◆ EXERCISE
Exact copy without images: repeat every entry as written.
··· DATA TO EXAMINE ···
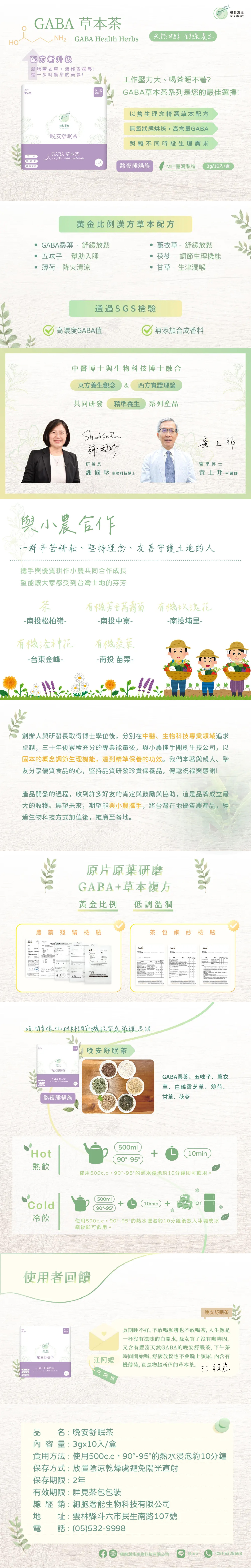 內含GABA桑葉、五味子、薰衣草、白鶴靈芝草、薄荷、甘草、茯苓,多項養生中藥材
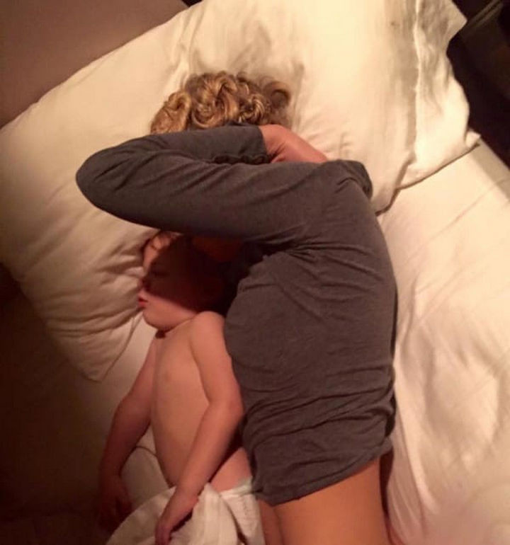 Bobby Wesson from Gardendale, Alabama, shared a photo of his wife, Rayena, sleeping with their son before she gets ready to go to work.
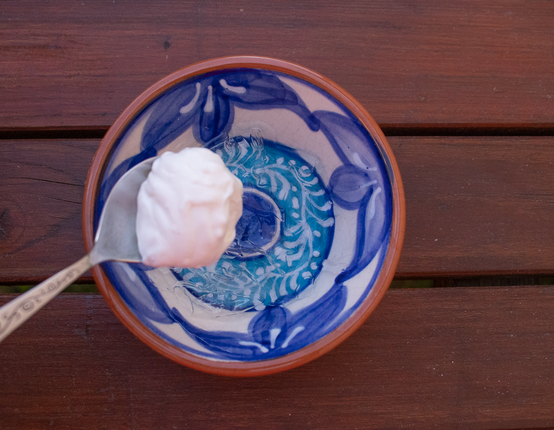 Keď je želatína vychladnutá, pridáme 2 lyžičky kokosového mlieka do rozpustenej studenej želatíny (toto je malý trik, aby sme sa vyhli hrudkám v kokosovom kréme).
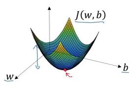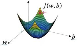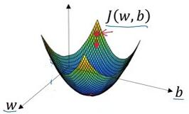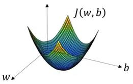 如图,代价函数(成本函数)J(w,b)是一个凸函数(convex function),像一个大碗一样。
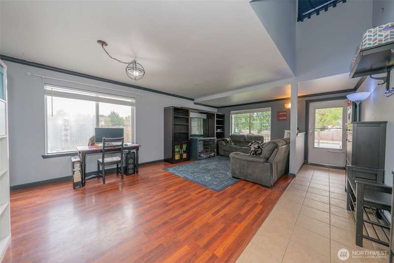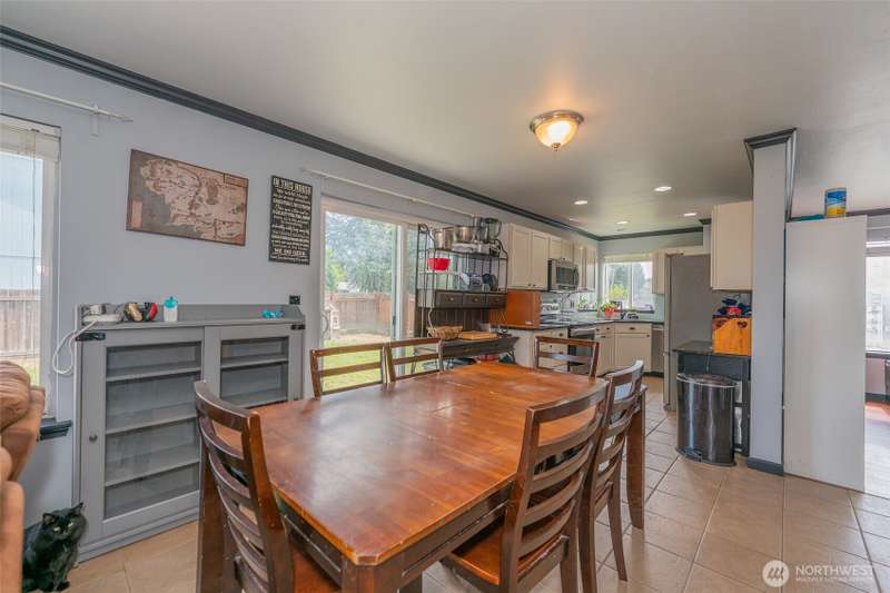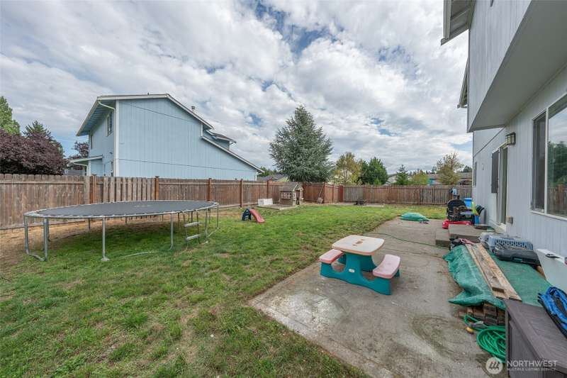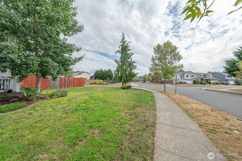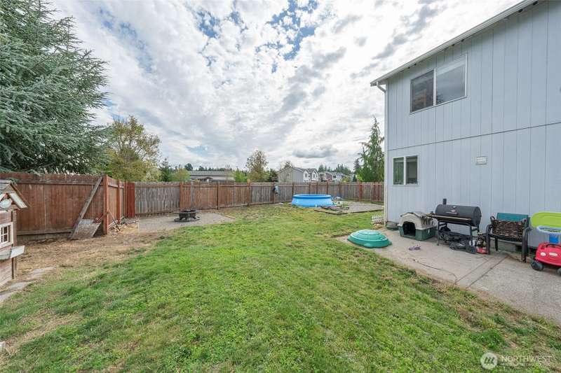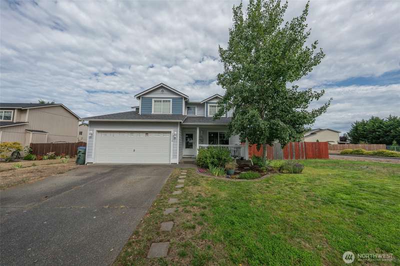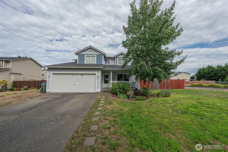 Come see this beautiful 4 bedroom, 2.5 bath, 1,831 SQFT home on a corner lot near Ridgeline Middle School today! There is a huge backyard with room to play! The kitchen features stainless appliances and a corner window sink. It has a convenient layout with a Family Room, Dining Room, and a large Living Room. The Primary Bedroom Suite includes a bathroom with separate tub and shower, double sink vanity, and a walk-in closet! This home is conveniently located near Ridgeline Middle School, with quick access to all of Yelm and a reasonable commute to JBLM. Come see this great House today!
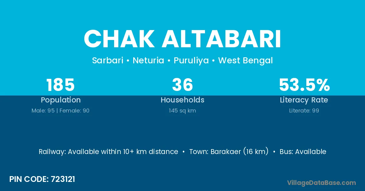 Chak Altabari village has a total population of 185 people, of which 95 are males and 90 are females.
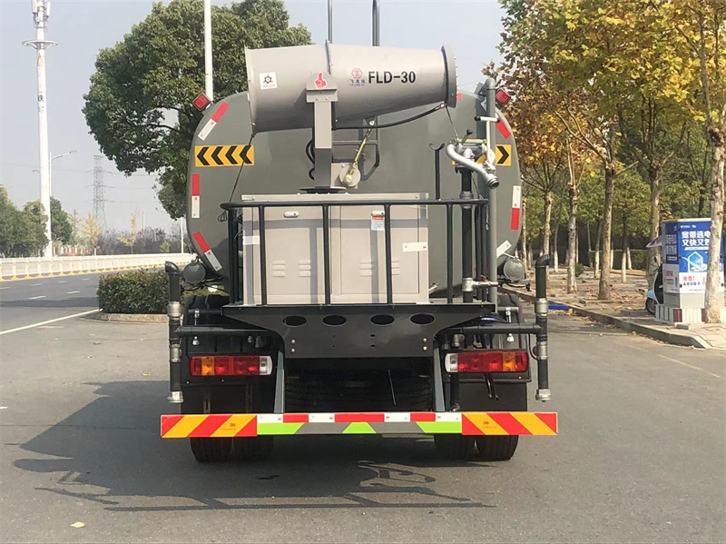 福田12方霧炮灑水車底盤配置: 發動機玉柴 200 馬力(四缸),法士特 8 檔變速箱,加強型 8T 后橋,10.00 鋼絲胎,軸距 3950,原廠空調,原廠取力器,電動玻璃, 中控鎖,斷氣剎2.上裝配置: 1、罐體約為 12 方,可加裝 30-40 型霧炮 2、邊燈帶電,罐體尾部上方標配 2 個紅色示寬燈, 3、標配前噴為鴨嘴直沖,標配后沖,用戶可根據自己的需求,來調 整對沖位置。 4、花紋防滑平臺,炮筒后蓋為定制型螺栓卡扣, 5、前噴、后沖、后灑、側噴,綠化高炮開關球閥均采用 50 大通經 不銹鋼球閥, 6、新式軸承式水炮,更加耐用, 7、60-90 型水泵, 8、防腐法蘭墊片, 9、鋁制后灑,不易炸開 10、罐體自動焊(美國林肯焊機及電源),拼板自動焊接,封頭環 縫焊接,無氣孔,焊縫美觀。 11、側護網、后保險杠、均為螺栓連接,方便拆卸,維修方便。 12、塑料擋泥板,替代鐵擋泥板,更加輕便,用螺栓連接,方便拆 卸。 13、前部、后部主管連接處為 6 孔圓法蘭,不易沖墊
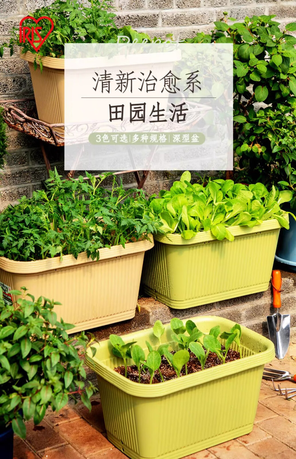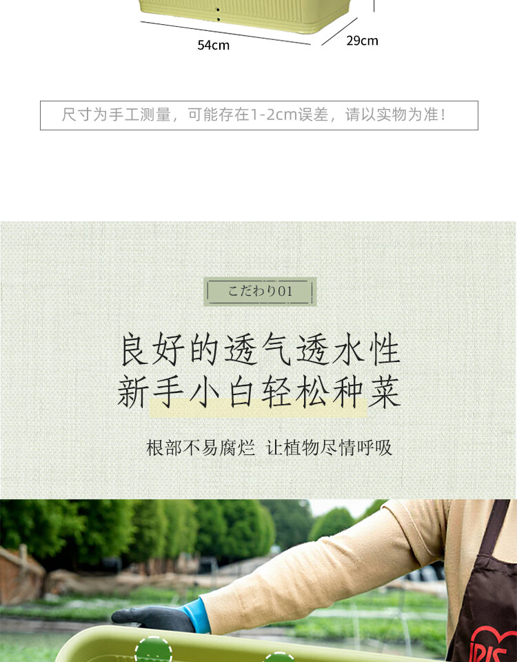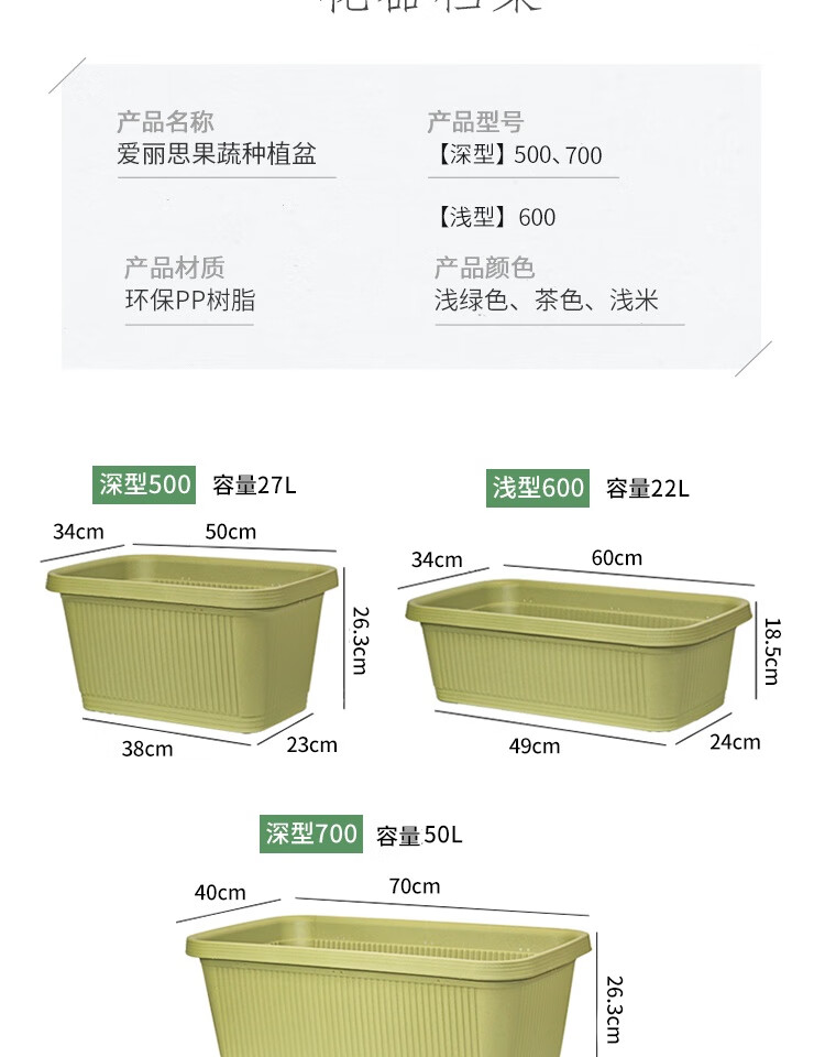 爱丽思(IRIS)阳台种菜盆种菜箱草莓种植盆长条花盆塑料蔬菜种植箱种菜专用盆 【3个装】深型700绿色
···
◆ ANSWER SECTION
 內含GABA桑葉、五味子、薰衣草、白鶴靈芝草、薄荷、甘草、茯苓,多項養生中藥材
 Bobby Wesson from Gardendale, Alabama, shared a photo of his wife, Rayena, sleeping with their son before she gets ready to go to work.
 Keď je želatína vychladnutá, pridáme 2 lyžičky kokosového mlieka do rozpustenej studenej želatíny (toto je malý trik, aby sme sa vyhli hrudkám v kokosovom kréme).
 如图,代价函数(成本函数)J(w,b)是一个凸函数(convex function),像一个大碗一样。
 Come see this beautiful 4 bedroom, 2.5 bath, 1,831 SQFT home on a corner lot near Ridgeline Middle School today! There is a huge backyard with room to play! The kitchen features stainless appliances and a corner window sink. It has a convenient layout with a Family Room, Dining Room, and a large Living Room. The Primary Bedroom Suite includes a bathroom with separate tub and shower, double sink vanity, and a walk-in closet! This home is conveniently located near Ridgeline Middle School, with quick access to all of Yelm and a reasonable commute to JBLM. Come see this great House today!
 Chak Altabari village has a total population of 185 people, of which 95 are males and 90 are females.
 福田12方霧炮灑水車底盤配置: 發動機玉柴 200 馬力(四缸),法士特 8 檔變速箱,加強型 8T 后橋,10.00 鋼絲胎,軸距 3950,原廠空調,原廠取力器,電動玻璃, 中控鎖,斷氣剎2.上裝配置: 1、罐體約為 12 方,可加裝 30-40 型霧炮 2、邊燈帶電,罐體尾部上方標配 2 個紅色示寬燈, 3、標配前噴為鴨嘴直沖,標配后沖,用戶可根據自己的需求,來調 整對沖位置。 4、花紋防滑平臺,炮筒后蓋為定制型螺栓卡扣, 5、前噴、后沖、后灑、側噴,綠化高炮開關球閥均采用 50 大通經 不銹鋼球閥, 6、新式軸承式水炮,更加耐用, 7、60-90 型水泵, 8、防腐法蘭墊片, 9、鋁制后灑,不易炸開 10、罐體自動焊(美國林肯焊機及電源),拼板自動焊接,封頭環 縫焊接,無氣孔,焊縫美觀。 11、側護網、后保險杠、均為螺栓連接,方便拆卸,維修方便。 12、塑料擋泥板,替代鐵擋泥板,更加輕便,用螺栓連接,方便拆 卸。 13、前部、后部主管連接處為 6 孔圓法蘭,不易沖墊
 爱丽思(IRIS)阳台种菜盆种菜箱草莓种植盆长条花盆塑料蔬菜种植箱种菜专用盆 【3个装】深型700绿色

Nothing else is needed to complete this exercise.